The key to a successful public-private consortium dedicated to building and operating a lunar base may well be in how it structures the budgetary responsibilities of all the partners. For the governmental partners to maintain political support for the program, huge budget overruns will have to be guarded against. On the other hand, the corporate partners will no doubt want guarantees of steady funding levels by the governments involved, political swings notwithstanding. A mechanism for handling budget problems should be written into the agreement establishing the consortium.

The key to a successful public-private consortium dedicated to building and operating a lunar base may well be in how it structures the budgetary responsibilities of all the partners.

The Moon awaits, in all its desolate splendor. Opportunity awaits for people who have the vision and the ability to seize it. ISS, with its several nations working together, could and should be the first step out. A lunar base built by corporate partners seeking profits and public sector partners seeking progress and peaceful exploration could and should be the second.

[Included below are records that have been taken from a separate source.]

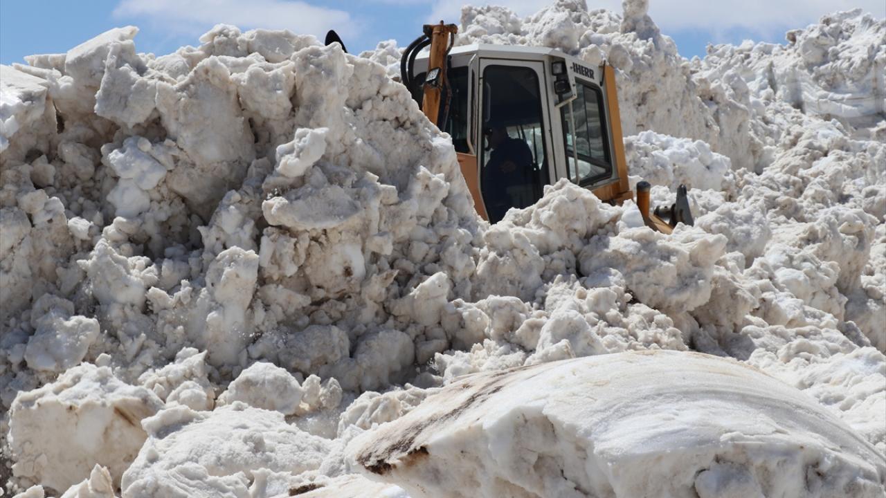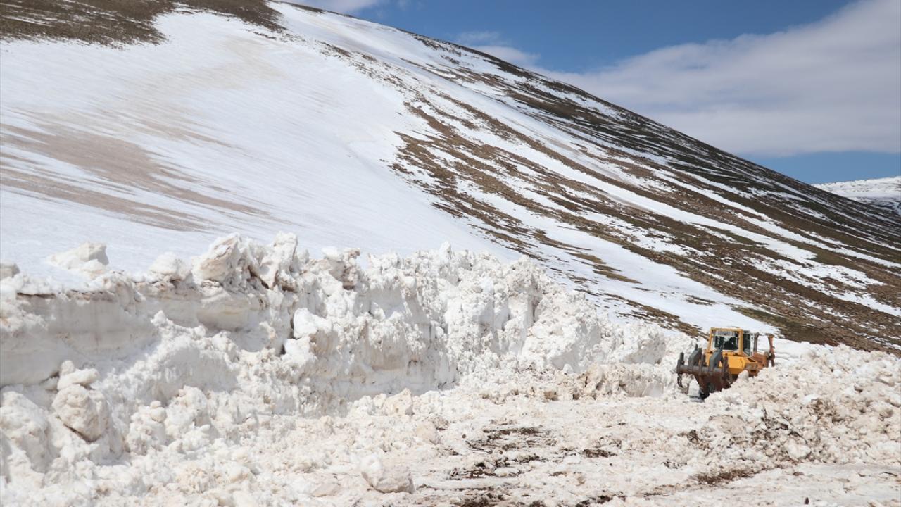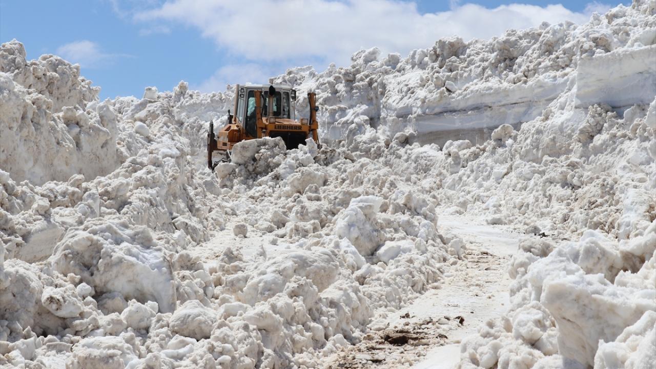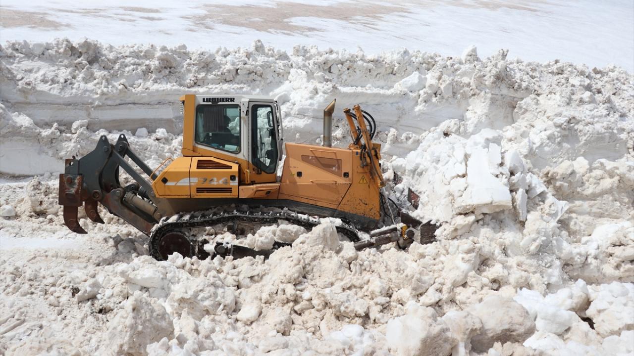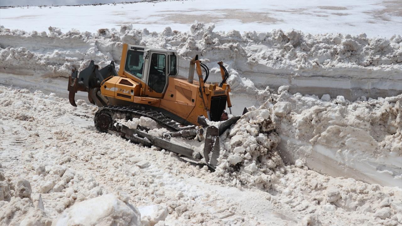 Göçerlerin de yaylaya çıkmak için kullandığı güzergahta yoğun çalışma yürüten ekipler, kar kalınlığının dozer boyunu aşması nedeniyle güçlükle ilerliyor.
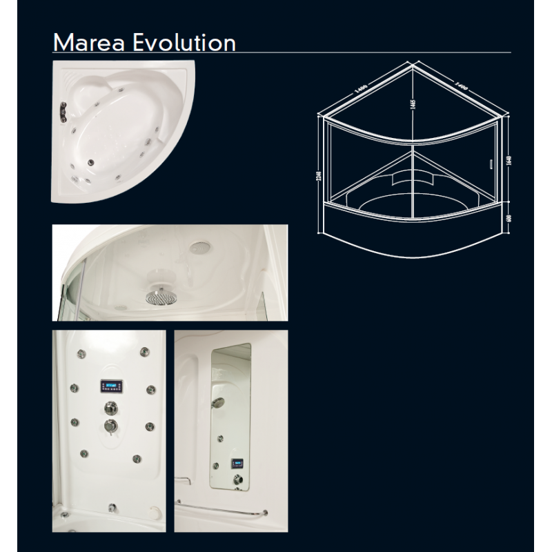 VASCA COMBINATA MAREA EVOLUTION CM 140X140 FINITURA BIANCO CROMO PANNELLO FRONTALE
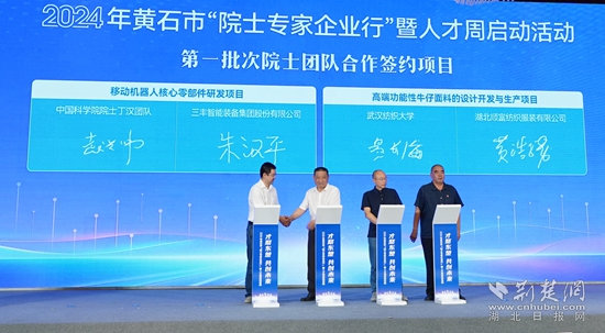 現(xiàn)場還舉行了項目簽約活動,簽約移動機器人核心零部件研發(fā)項目、高端功能性牛仔面料的設(shè)計開發(fā)與生產(chǎn)項目等2個院士專家合作項目、球墨鑄鐵管壁測量項目等10個人才合作項目以及4個人才服務合作項目,并為鄂東技師學院國家級高技能人才培訓基地授牌。
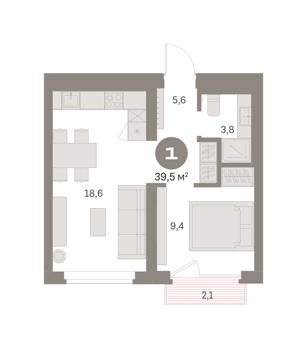 Квартира с кухней-гостиной и одной спальней в Бруснике в Академическом. Особенности планировки: балкон, предчистовая отделка. № квартиры в нашей базе: АКД04-Ж3.2.4.
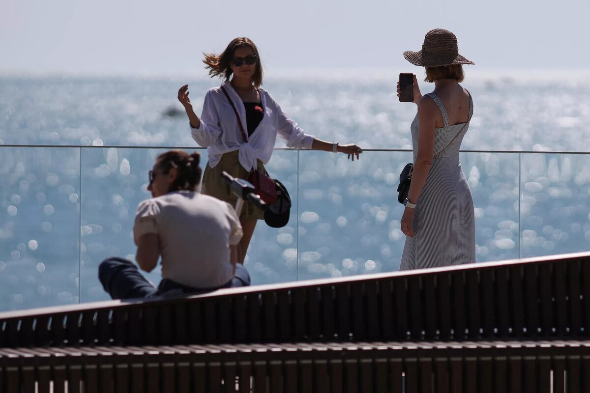 Отдыхающие на территории пляжа санатория "Красная Талка" в Геленджике
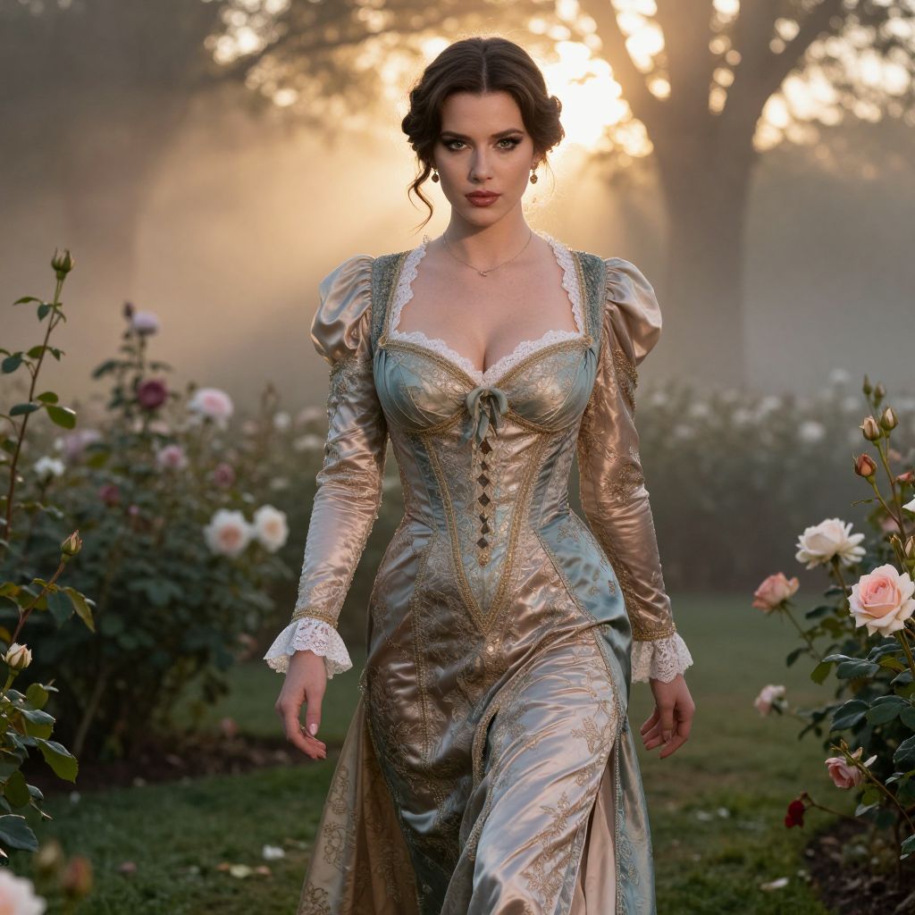 Elegant Woman in Vintage Gown Walking Through Rose Garden at Sunset

Such a base, however, and possibly the space station, will only become practical after we have cheap and systematic access to space. That is, after a more robust successor to the space shuttle is flying. An advanced system connecting humanity to Earth orbit will untie the final knot limiting us to our home world.

Beyond the Moon, Mars grabs the imagination, hopefully to be explored and settled following the lunar consortium model. And beyond Mars, urging us on, is an amazing human future.